March 8, 2018

On Thursday, the S&P 500 and Toronto were each up 0.4%.

Linamar was up 8.4% to $73.75 after releasing a strong Q4 report.

Melcor Developments failed to react to its strong Q4 / 2017 earnings report and closed up 0.5% at $13.97. This for a company that has a book value per share of $30.21 per share and where the assets are solid consisting mostly of land and buildings. Granted, the book value has been boosted by IFRS accounting which marks its rental building up to market value. This is also a company that earned $1.15 per share in 2017 and $1.05 in 2016 (with Alberta in or recovering from a recession).
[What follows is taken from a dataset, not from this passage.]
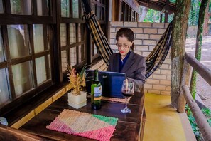 No pé da Serra, com muito verde e animais silvestres e a 4 km da praia de Itacoatiara. Silêncio e paz, ótimo para relaxar e curtir a natureza. A 5 minutos das praias mais lindas de Niterói. Uma experiência única que surpreende todos que conhecem. Chalé totalmente rústico, com decoração que remete as antigas casas do interior e nos traz as melhores lembranças de nossa infância.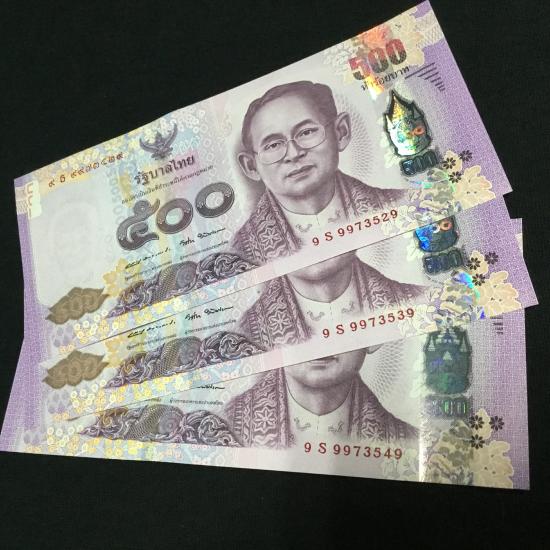 3 ฉบับ แบงค์ 500 พระราชินี ร9 หมวด9S- 99หน้า -9หลัง เลขมงคลทั้ง 3 ฉบับ

There is a great deal of commercial building going on near Edmonton. Despite oil prices being lower than 2014 these developers apparently still think that land and buildings in Alberta are a good investment. Those investors are effectively paying 100 cents on the dollar to construct new buildings. Meanwhile the equity of Melcor trades at less than 50 cents on the dollar. It seems to me that buying Melcor at around half of book value is ultimately going to offer a better return than would investing directly in similar land and buildings at market value. But it appears that continued patience will be required. Meanwhile the 3.7% dividend yield is not too bad.

CMHC reported that Canadian housing starts were running at an annual rate of of 230,000 as of February. This is at or about a record pace. Canada has been running at 200,000 or more for years while the U.S. has ten times the population is still building houses are far lower than record levels and is around 1.3 million houses per year. Certainly the pace of new home construction in Canada could slow with higher interest rates and a cooling home resale market. But so far there has been no decline.

Canadian Western Bank was down 0.2% despite posting better-than-expected results this morning. The bank also raised its dividend 4% which is a total increase of 9% in the past year. A CIBC analyst apparently “downgraded” the stock on concerns about the future growth rate albeit with a price target of $40. At one point today the shares were down to about $35 and I added modestly to my fairly large position in this stock, buying at $35.21. I had last rated it Buy at $40.55 and I do like to demonstrate the courage of my convictions.